** What to produce **
Set down each line of the records once more, precisely, and omit the pictures.

** Records for the exercise **
*** Block opens ***
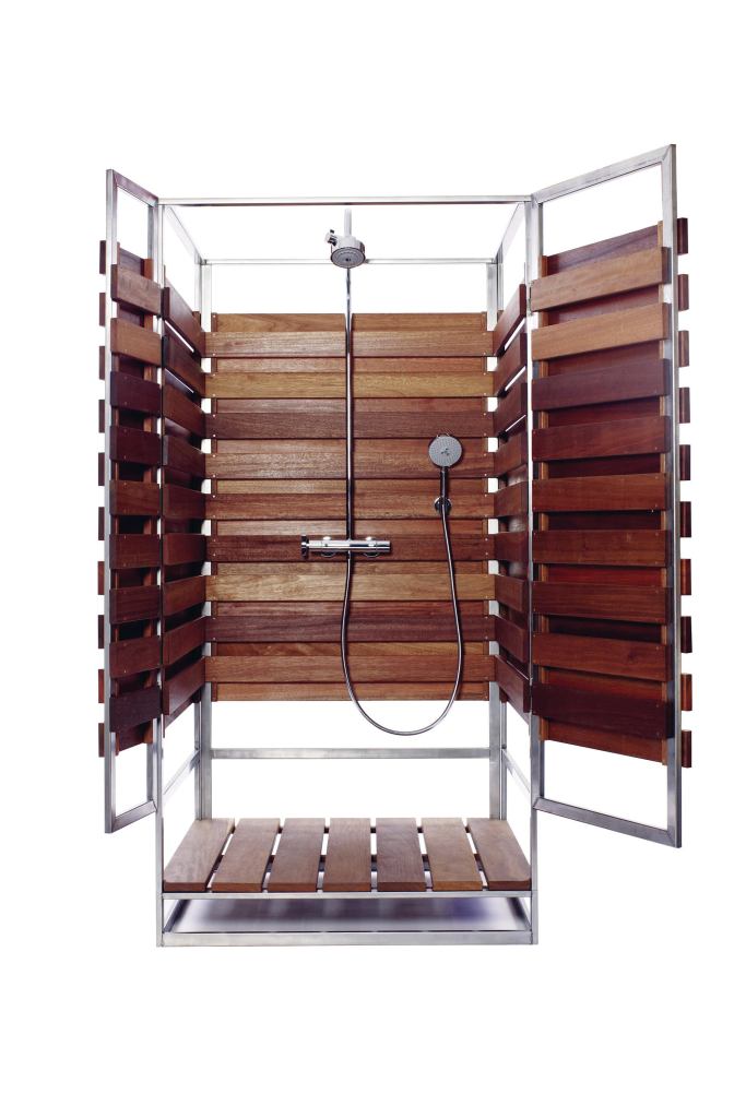 Oborain combines the natural environment with design technology for a pre-fab outdoor shower that’s not limited to regions that enjoy warm weather all year. The shower’s permanent or temporary installation options both avoid the need to dig plumbing trenches by hooking up the system, which includes an Axor Citterio 3-jet showerhead, to a garden hose. The shower features a stainless steel frame, hardwood cumaru decking, and mahogany wall panels in three sizes: a single module, with or without doors; a larger version with either a changing area or more shower space; and a double shower option with a changing area. Oborain. 413.376.8854. www.oborain.com.
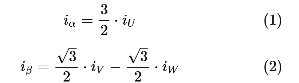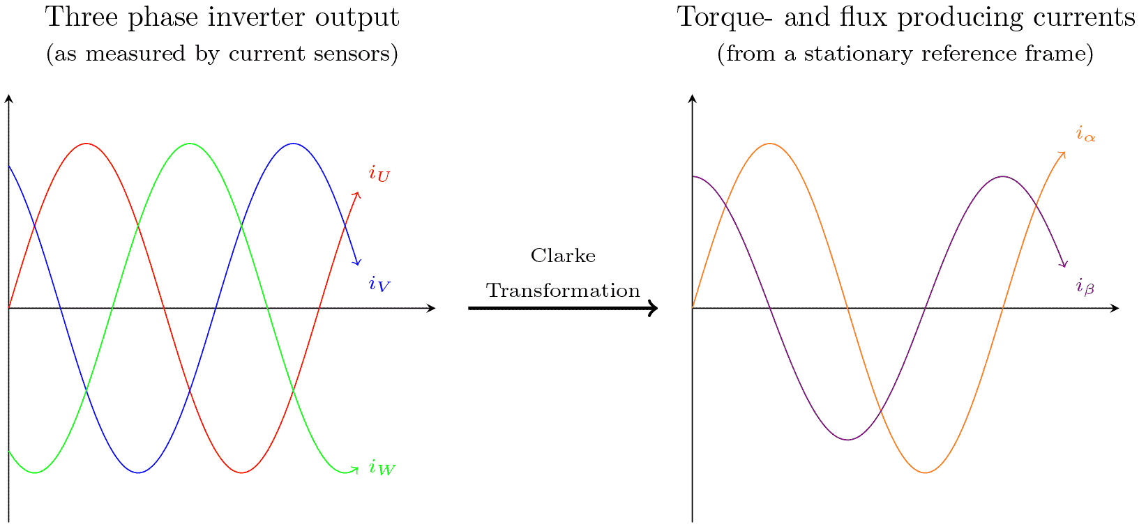 iu, iv그리고 iw 는 인버터에서 나오는 3상 전류를 나타냅니다. ia 그리고 iβ 는 각각 토크와 플럭스에 대한 두 개의 "새로운" 전류를 나타냅니다.
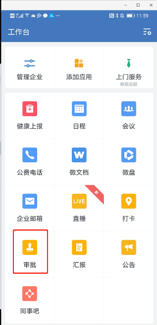第一步:打开APP首页,在【工作台】页面找到【审批】,点击进入审批页面。
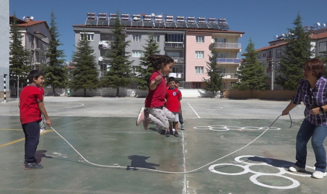 Burdur'da çocukların ekrandan uzak kalmaları için okul bahçeleri ip atlama, yakan top, seksek, köşe kapmaca gibi geleneksel çocuk oyunlarıyla donatıldı.
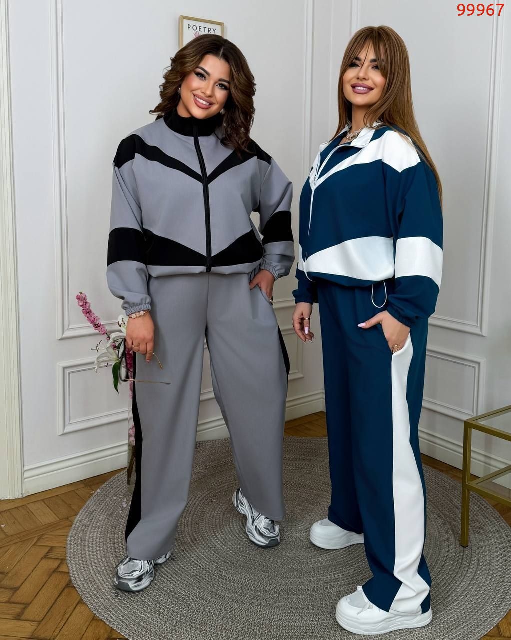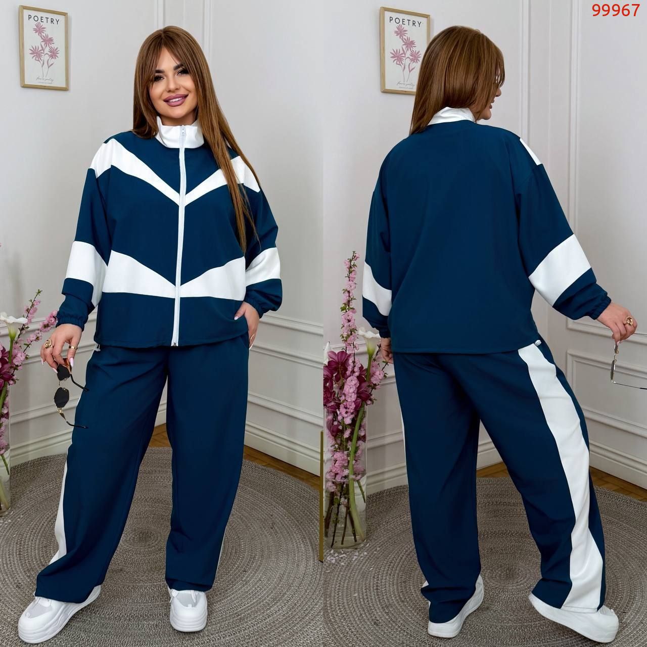 Штани з високою посадкою , пояс на гумці , бічні кишені , бічні вставки . Кофта прямого покрою з вставками , на блискавці , комір стійка , низ на фіксаторі .
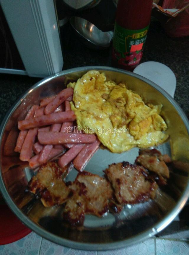 2.开始对猪扒油炸下(要确保熟哦),再对火腿过下油,最终到鸡蛋
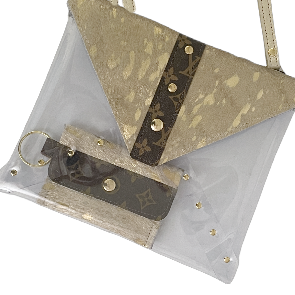 Upcycled Louis Vuitton canvas adorns our Game Time bag! Made with thick clear vinyl and 100% genuine leather, this classic and modern envelope style can easily be worn as both a crossbody or shoulder bag. Also spacious enough to carry a wallet, keys, phone, and more! Most importantly, the Game Time bag meets stadium regulations. With the Game Time bag, you’ll always go to the game in style!
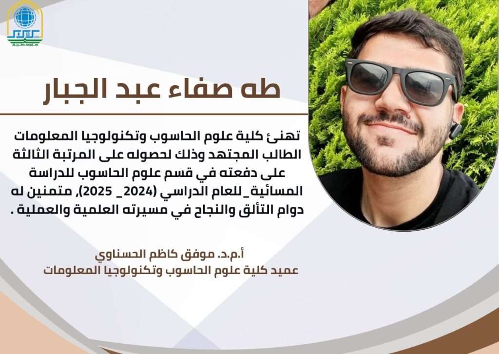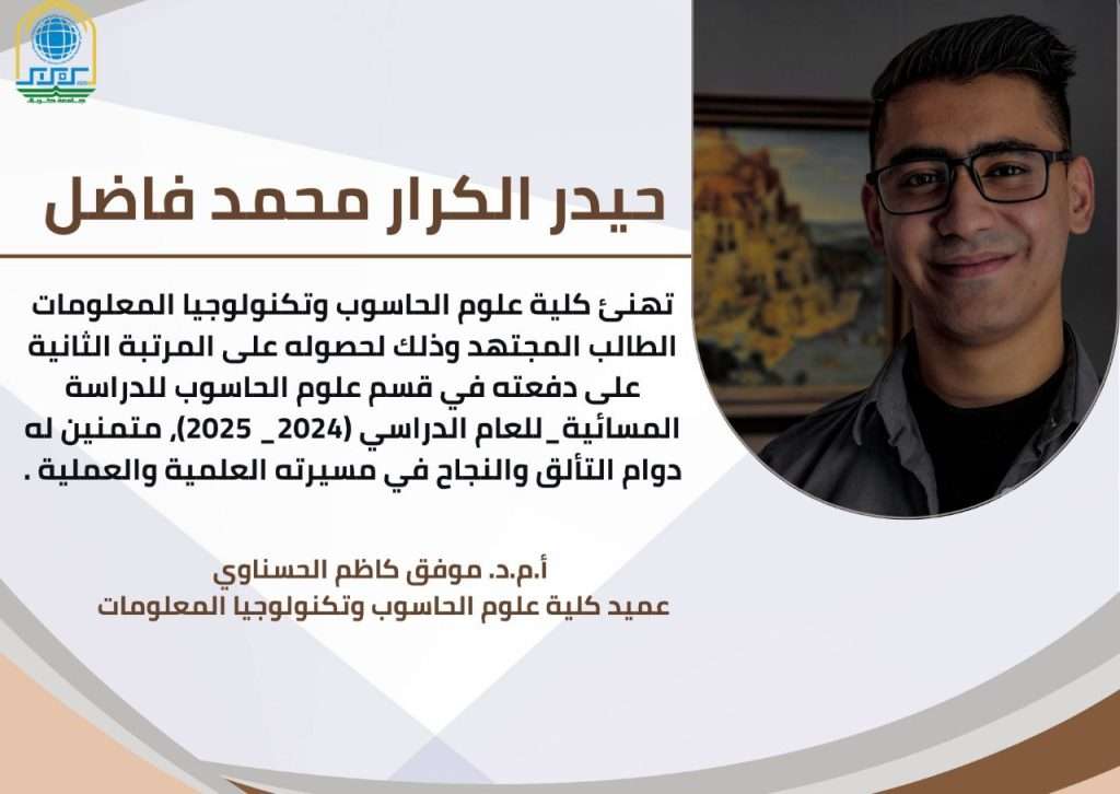 كلية علوم الحاسوب وتكنولوجيا المعلومات في جامعة كربلاء متمثلة بعميدها الدكتور موفق كاظم الحسناوي تتقدّم بأسمى آيات التهاني والتبريكات إلى طلبتها الأعزاء بمناسبة تفوقهم العلمي وحصولهم على المراتب الأولى في قسم علوم الحاسوب – الدراسة المسائية للعام الدراسي (2024 – 2025).
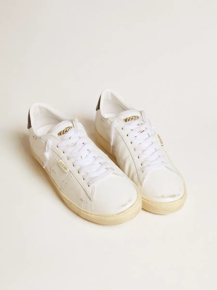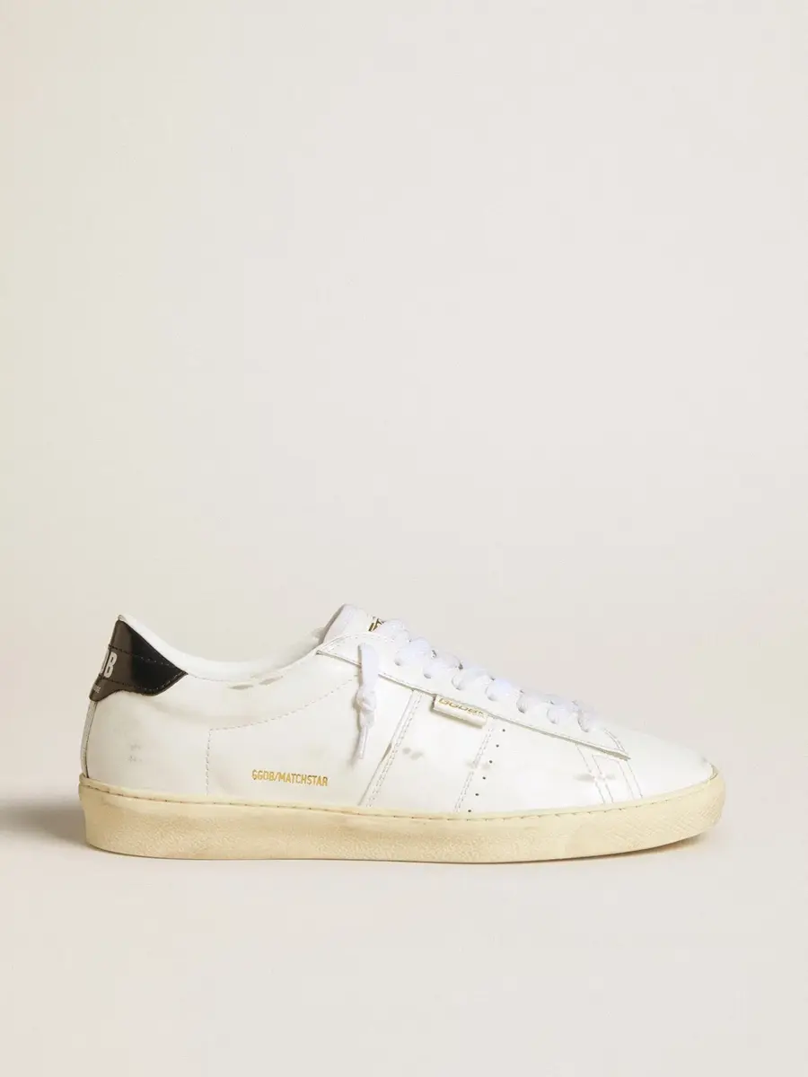 Un homenaje a la época dorada del tenis de los años 70. Nuestro modelo Matchstar es un escenario de sueños y estilo en constante evolución. Con un acabado desgastado, este modelo con parte superior de piel blanca cuenta con una lengüeta en el talón de piel azul oscuro con las letras GGDB en blanco. Los cordones blancos añaden el toque final.
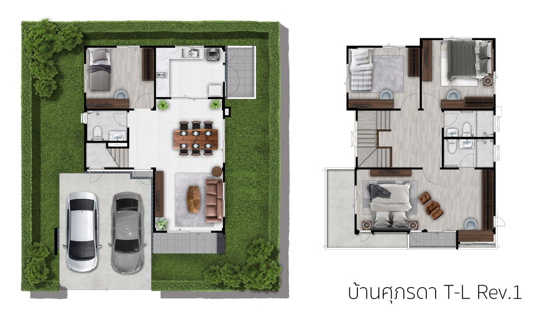 แบบบ้าน : Duchess 2 ห้องนอน 3 ห้องน้ำ 1 ที่จอดรถรายละเอียดอื่นๆ• ตกแต่งห้องน้ำ พร้อมสุขภัณฑ์• ตกแต่งสวนภายนอกบ้าน• ตกแต่งพื้นภายใน• แทงค์น้ำ/ปั๊มน้ำ• ระบบกำจัดปลวก- Max
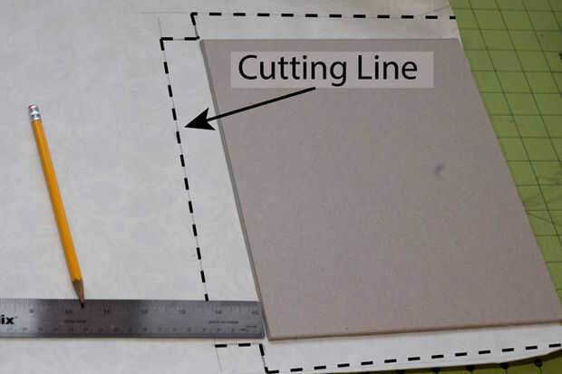 Con 11,5 "x 8,75" cartónLa como plantilla, alinéelo con un borde del papel decorativo para la portada del libro. Dibujar un rectángulo 1" fuera de la parte superior, inferior y un lado. Dibuja un pequeño cuadrado en las esquinas para crear la línea de corte, como se muestra.
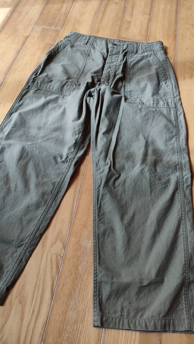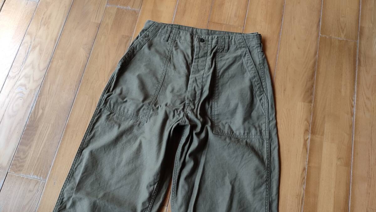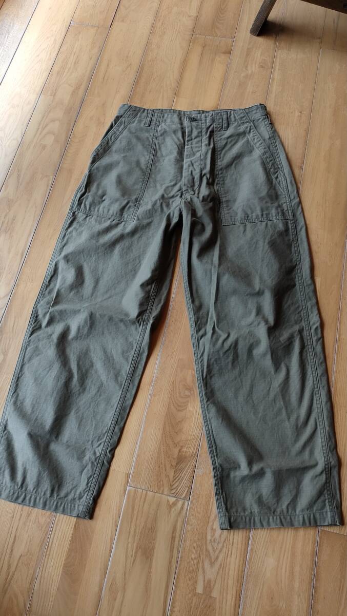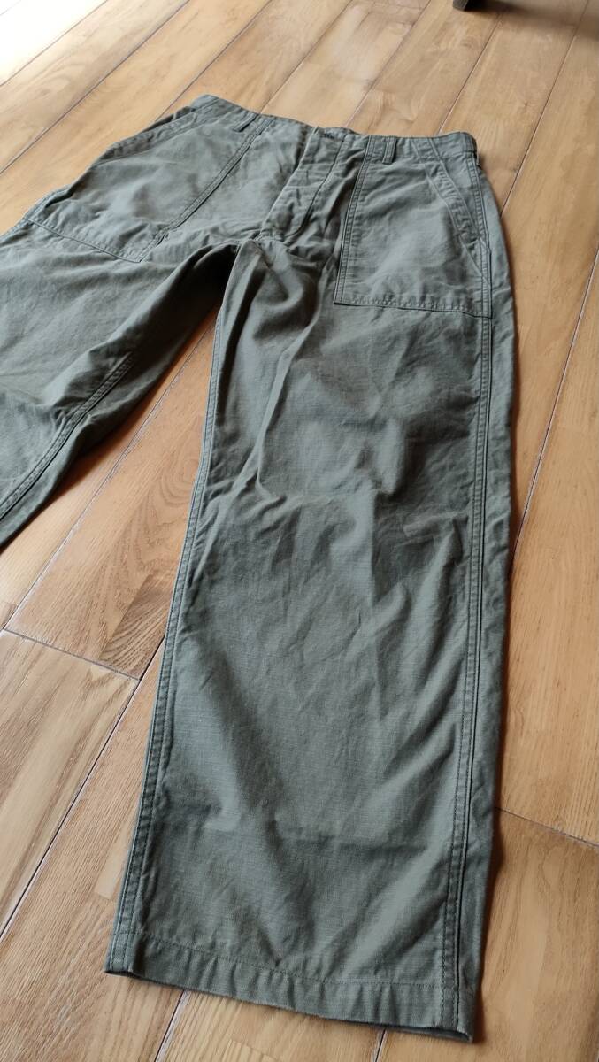 TCBベイカーズパンツ。中古古着。まだカーキ色は色濃くは残っております。裾を短めにしてカッコよく着用してました。若干の着用感はあります。
*** Block closes ***
** Answer section **
 Oborain combines the natural environment with design technology for a pre-fab outdoor shower that’s not limited to regions that enjoy warm weather all year. The shower’s permanent or temporary installation options both avoid the need to dig plumbing trenches by hooking up the system, which includes an Axor Citterio 3-jet showerhead, to a garden hose. The shower features a stainless steel frame, hardwood cumaru decking, and mahogany wall panels in three sizes: a single module, with or without doors; a larger version with either a changing area or more shower space; and a double shower option with a changing area. Oborain. 413.376.8854. www.oborain.com.
 iu, iv그리고 iw 는 인버터에서 나오는 3상 전류를 나타냅니다. ia 그리고 iβ 는 각각 토크와 플럭스에 대한 두 개의 "새로운" 전류를 나타냅니다.
第一步:打开APP首页,在【工作台】页面找到【审批】,点击进入审批页面。
 Burdur'da çocukların ekrandan uzak kalmaları için okul bahçeleri ip atlama, yakan top, seksek, köşe kapmaca gibi geleneksel çocuk oyunlarıyla donatıldı.
 Штани з високою посадкою , пояс на гумці , бічні кишені , бічні вставки . Кофта прямого покрою з вставками , на блискавці , комір стійка , низ на фіксаторі .
 2.开始对猪扒油炸下(要确保熟哦),再对火腿过下油,最终到鸡蛋
 Upcycled Louis Vuitton canvas adorns our Game Time bag! Made with thick clear vinyl and 100% genuine leather, this classic and modern envelope style can easily be worn as both a crossbody or shoulder bag. Also spacious enough to carry a wallet, keys, phone, and more! Most importantly, the Game Time bag meets stadium regulations. With the Game Time bag, you’ll always go to the game in style!
 كلية علوم الحاسوب وتكنولوجيا المعلومات في جامعة كربلاء متمثلة بعميدها الدكتور موفق كاظم الحسناوي تتقدّم بأسمى آيات التهاني والتبريكات إلى طلبتها الأعزاء بمناسبة تفوقهم العلمي وحصولهم على المراتب الأولى في قسم علوم الحاسوب – الدراسة المسائية للعام الدراسي (2024 – 2025).
 Un homenaje a la época dorada del tenis de los años 70. Nuestro modelo Matchstar es un escenario de sueños y estilo en constante evolución. Con un acabado desgastado, este modelo con parte superior de piel blanca cuenta con una lengüeta en el talón de piel azul oscuro con las letras GGDB en blanco. Los cordones blancos añaden el toque final.
 แบบบ้าน : Duchess 2 ห้องนอน 3 ห้องน้ำ 1 ที่จอดรถรายละเอียดอื่นๆ• ตกแต่งห้องน้ำ พร้อมสุขภัณฑ์• ตกแต่งสวนภายนอกบ้าน• ตกแต่งพื้นภายใน• แทงค์น้ำ/ปั๊มน้ำ• ระบบกำจัดปลวก- Max
 Con 11,5 "x 8,75" cartónLa como plantilla, alinéelo con un borde del papel decorativo para la portada del libro. Dibujar un rectángulo 1" fuera de la parte superior, inferior y un lado. Dibuja un pequeño cuadrado en las esquinas para crear la línea de corte, como se muestra.
 TCBベイカーズパンツ。中古古着。まだカーキ色は色濃くは残っております。裾を短めにしてカッコよく着用してました。若干の着用感はあります。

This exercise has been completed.